The Affordable Care Act (ACA) stipulates that the state Exchanges provide an individual with options to choose any qualified health plan (QHP). Covered California extends this requirement to participating health plans. The carriers don’t like it. Carriers spend a lot of money in direct marketing to attract customers to their brand. They don’t like supporting their competitors. Why should Anthem drive business to Covered California only to have their prospective customer enroll in a Kaiser plan?
Assisters are held to a similar standard. It does make sense for Navigators, who are compensated by Covered California, to focus on providing individuals with all of their options. However, requiring Agents to provide information on QHPs for which they may not be compensated would reduce their incentive to invest their time and money in marketing and thereby undermine Covered California’s goal of maximizing enrollment.

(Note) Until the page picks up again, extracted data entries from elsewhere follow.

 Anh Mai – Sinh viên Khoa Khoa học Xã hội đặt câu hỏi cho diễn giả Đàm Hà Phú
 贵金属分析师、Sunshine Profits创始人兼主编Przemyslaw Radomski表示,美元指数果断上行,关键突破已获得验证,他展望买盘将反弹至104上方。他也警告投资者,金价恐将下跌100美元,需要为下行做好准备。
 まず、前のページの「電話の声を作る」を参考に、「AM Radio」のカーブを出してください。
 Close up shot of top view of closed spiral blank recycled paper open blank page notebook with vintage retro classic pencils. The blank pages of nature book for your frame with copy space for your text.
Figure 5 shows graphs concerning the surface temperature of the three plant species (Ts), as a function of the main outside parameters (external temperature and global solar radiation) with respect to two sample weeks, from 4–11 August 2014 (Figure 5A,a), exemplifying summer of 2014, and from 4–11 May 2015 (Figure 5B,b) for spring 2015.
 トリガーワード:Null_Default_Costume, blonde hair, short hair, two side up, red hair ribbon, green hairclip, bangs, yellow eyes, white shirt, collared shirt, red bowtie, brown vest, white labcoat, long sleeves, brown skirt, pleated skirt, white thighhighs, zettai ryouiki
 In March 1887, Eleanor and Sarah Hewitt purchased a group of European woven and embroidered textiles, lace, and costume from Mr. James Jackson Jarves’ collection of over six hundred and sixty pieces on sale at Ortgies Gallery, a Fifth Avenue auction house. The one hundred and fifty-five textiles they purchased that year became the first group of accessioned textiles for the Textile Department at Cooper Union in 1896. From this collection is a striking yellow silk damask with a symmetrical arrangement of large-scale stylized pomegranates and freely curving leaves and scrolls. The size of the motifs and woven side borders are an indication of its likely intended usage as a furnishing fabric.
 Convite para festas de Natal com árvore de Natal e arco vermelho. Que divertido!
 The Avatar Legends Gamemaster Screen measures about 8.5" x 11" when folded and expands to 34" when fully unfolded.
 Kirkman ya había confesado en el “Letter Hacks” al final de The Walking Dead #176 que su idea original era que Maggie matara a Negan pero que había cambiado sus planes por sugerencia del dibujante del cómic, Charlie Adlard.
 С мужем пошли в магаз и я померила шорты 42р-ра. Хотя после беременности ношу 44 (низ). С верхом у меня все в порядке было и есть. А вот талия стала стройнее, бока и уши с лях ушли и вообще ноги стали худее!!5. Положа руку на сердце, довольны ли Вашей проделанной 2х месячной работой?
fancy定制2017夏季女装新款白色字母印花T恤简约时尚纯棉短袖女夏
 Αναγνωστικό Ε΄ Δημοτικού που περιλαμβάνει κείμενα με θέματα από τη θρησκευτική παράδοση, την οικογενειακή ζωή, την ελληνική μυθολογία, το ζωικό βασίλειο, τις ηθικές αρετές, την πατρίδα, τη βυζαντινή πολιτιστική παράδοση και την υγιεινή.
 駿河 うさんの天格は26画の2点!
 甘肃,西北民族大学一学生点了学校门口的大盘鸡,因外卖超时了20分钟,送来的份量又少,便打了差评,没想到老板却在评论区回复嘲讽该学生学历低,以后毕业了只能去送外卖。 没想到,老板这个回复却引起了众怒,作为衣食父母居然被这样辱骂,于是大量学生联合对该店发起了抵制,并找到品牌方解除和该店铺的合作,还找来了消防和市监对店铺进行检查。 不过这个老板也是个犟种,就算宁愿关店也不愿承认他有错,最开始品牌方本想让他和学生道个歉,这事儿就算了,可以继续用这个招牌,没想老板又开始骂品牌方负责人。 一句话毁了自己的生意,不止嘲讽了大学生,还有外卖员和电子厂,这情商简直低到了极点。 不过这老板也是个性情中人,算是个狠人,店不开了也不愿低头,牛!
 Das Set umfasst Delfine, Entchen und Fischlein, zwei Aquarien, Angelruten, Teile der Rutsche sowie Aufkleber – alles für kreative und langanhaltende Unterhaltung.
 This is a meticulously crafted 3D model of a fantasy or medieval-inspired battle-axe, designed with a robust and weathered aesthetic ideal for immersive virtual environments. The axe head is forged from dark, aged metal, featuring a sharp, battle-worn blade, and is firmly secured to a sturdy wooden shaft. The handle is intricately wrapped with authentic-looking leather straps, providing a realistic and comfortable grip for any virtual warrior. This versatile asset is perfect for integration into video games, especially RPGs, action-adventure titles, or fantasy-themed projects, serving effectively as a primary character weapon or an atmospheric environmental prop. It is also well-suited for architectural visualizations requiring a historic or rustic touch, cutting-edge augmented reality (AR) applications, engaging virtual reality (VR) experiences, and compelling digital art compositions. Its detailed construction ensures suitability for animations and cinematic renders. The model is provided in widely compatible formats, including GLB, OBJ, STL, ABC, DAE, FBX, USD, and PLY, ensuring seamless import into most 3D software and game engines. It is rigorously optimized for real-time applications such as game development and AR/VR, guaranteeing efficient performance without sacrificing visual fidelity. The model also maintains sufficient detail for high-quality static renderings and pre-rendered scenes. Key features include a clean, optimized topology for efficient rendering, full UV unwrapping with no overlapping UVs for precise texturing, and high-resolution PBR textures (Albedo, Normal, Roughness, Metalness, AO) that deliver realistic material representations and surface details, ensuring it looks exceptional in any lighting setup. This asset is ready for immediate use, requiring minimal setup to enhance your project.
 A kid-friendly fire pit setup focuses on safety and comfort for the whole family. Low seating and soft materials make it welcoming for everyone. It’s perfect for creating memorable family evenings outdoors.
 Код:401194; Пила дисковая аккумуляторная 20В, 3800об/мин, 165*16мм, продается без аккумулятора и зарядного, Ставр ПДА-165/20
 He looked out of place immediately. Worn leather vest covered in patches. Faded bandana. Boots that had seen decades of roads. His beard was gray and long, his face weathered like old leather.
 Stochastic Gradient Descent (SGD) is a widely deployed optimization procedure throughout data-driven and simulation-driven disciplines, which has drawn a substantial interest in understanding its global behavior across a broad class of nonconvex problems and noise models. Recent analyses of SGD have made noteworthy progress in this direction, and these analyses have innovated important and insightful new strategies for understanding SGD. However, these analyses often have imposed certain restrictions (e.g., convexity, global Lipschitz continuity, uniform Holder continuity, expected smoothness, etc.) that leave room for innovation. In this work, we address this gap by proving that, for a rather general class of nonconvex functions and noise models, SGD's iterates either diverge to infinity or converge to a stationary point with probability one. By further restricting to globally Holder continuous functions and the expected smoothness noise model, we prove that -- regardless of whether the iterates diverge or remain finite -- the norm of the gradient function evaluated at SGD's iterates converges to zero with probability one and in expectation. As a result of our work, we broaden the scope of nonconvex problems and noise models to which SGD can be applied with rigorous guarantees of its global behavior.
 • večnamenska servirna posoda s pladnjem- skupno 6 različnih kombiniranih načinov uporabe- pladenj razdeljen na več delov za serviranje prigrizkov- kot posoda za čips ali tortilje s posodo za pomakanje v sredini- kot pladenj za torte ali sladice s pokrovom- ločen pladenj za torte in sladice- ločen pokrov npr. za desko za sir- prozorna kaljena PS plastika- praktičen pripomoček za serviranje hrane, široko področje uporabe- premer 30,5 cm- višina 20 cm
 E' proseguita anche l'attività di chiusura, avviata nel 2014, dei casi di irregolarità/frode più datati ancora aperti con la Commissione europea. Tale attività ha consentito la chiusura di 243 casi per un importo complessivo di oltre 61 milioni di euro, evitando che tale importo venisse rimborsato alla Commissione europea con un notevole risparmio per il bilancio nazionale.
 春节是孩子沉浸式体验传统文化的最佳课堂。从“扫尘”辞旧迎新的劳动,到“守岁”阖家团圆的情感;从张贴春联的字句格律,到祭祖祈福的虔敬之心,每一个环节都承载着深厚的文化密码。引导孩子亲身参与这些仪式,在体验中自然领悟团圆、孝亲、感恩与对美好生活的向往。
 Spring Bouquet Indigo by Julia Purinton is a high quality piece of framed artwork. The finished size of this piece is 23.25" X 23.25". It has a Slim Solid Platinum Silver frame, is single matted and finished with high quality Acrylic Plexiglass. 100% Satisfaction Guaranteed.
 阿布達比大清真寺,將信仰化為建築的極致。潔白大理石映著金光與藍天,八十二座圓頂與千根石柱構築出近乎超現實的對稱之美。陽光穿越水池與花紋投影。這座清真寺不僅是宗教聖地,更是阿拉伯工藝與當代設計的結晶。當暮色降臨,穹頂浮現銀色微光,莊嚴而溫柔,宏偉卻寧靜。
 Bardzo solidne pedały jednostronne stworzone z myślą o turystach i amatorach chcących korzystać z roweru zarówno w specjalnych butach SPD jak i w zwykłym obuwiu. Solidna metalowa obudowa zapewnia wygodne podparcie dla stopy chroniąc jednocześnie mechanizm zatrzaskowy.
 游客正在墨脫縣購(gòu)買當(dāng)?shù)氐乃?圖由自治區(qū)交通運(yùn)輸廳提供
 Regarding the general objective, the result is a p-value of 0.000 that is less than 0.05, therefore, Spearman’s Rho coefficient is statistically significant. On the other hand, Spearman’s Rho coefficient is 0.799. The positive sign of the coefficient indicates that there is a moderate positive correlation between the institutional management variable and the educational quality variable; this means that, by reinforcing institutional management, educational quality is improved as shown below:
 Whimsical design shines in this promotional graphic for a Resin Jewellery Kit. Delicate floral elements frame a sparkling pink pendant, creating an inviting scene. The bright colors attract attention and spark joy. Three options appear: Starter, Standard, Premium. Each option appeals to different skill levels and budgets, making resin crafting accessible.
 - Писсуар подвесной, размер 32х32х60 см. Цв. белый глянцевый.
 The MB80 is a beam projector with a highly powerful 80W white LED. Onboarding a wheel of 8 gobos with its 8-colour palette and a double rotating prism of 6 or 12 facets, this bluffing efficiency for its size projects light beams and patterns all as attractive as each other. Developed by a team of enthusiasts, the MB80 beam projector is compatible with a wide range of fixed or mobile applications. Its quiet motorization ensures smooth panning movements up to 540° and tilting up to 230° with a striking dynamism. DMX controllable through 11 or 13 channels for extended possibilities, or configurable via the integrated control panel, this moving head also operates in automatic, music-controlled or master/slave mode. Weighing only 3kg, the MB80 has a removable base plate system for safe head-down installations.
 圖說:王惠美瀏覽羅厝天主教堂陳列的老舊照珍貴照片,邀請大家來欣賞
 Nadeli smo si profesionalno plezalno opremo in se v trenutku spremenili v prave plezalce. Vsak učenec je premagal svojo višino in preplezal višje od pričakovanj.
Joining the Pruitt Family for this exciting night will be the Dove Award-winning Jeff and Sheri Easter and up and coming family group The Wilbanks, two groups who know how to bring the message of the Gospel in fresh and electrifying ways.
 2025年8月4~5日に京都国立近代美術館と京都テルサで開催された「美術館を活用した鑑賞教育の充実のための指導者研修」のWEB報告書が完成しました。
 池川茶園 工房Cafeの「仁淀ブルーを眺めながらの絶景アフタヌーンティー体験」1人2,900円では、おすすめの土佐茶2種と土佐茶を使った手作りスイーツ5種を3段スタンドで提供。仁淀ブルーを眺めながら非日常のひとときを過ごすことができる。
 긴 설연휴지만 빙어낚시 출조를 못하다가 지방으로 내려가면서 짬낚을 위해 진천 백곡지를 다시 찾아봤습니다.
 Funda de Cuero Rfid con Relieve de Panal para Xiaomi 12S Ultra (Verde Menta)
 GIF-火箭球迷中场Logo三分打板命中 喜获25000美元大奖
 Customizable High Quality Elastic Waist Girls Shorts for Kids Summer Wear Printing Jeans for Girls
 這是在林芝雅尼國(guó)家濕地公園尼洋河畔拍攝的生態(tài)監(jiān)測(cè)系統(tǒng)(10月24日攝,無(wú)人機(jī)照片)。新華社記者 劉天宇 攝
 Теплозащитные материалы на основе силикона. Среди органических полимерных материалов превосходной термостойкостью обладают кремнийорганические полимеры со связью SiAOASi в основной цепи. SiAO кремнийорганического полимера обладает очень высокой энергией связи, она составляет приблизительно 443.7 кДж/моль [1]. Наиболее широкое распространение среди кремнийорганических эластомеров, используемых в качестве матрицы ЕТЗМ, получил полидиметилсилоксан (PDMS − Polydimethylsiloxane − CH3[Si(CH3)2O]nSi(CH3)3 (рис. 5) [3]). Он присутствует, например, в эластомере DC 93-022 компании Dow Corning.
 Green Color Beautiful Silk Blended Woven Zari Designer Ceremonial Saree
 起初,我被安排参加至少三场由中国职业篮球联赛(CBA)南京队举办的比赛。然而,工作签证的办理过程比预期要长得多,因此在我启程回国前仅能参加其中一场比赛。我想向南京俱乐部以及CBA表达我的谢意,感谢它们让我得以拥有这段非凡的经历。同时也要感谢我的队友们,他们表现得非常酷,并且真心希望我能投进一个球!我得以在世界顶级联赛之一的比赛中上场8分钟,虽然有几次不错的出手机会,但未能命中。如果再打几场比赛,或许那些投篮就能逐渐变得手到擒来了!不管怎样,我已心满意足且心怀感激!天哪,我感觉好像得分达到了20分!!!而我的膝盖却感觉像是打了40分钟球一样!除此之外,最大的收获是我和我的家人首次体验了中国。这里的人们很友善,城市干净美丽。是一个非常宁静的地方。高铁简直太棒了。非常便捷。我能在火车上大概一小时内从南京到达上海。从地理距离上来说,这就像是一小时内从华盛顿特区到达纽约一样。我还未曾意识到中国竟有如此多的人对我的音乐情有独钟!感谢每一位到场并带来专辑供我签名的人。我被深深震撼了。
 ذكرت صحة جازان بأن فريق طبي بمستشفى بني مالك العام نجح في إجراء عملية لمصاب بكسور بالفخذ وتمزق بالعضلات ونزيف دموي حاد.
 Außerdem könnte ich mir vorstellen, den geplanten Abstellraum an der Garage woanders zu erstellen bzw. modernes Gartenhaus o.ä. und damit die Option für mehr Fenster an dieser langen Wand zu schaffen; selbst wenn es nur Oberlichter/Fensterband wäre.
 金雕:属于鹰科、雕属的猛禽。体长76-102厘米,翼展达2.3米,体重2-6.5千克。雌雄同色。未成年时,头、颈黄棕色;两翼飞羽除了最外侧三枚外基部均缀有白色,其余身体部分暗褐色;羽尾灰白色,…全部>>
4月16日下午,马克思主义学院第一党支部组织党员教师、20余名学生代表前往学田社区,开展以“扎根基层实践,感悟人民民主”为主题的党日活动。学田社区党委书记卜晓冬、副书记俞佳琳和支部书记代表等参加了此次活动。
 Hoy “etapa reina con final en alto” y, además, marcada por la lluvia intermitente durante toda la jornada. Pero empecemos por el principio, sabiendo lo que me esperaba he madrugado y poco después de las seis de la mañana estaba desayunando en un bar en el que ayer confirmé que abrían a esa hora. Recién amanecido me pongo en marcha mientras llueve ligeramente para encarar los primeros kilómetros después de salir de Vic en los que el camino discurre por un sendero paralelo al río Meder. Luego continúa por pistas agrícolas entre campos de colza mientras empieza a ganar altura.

I support the requirement to ensure any assister, including an agent who is paid by a health plan issuer, to inform consumers that other enrollment options exist. However, I am concerned that stringent requirements that ensure agents to fully represent all QHPs available will likely minimize the QHP agent channel.
Additionally, I am concerned that Covered California expects every assister to be an expert in every available QHP. Based on my experience in the market today, this is unlikely, particularly given the breadth of products that an enrollee could be eligible for, both in and out of the Exchange.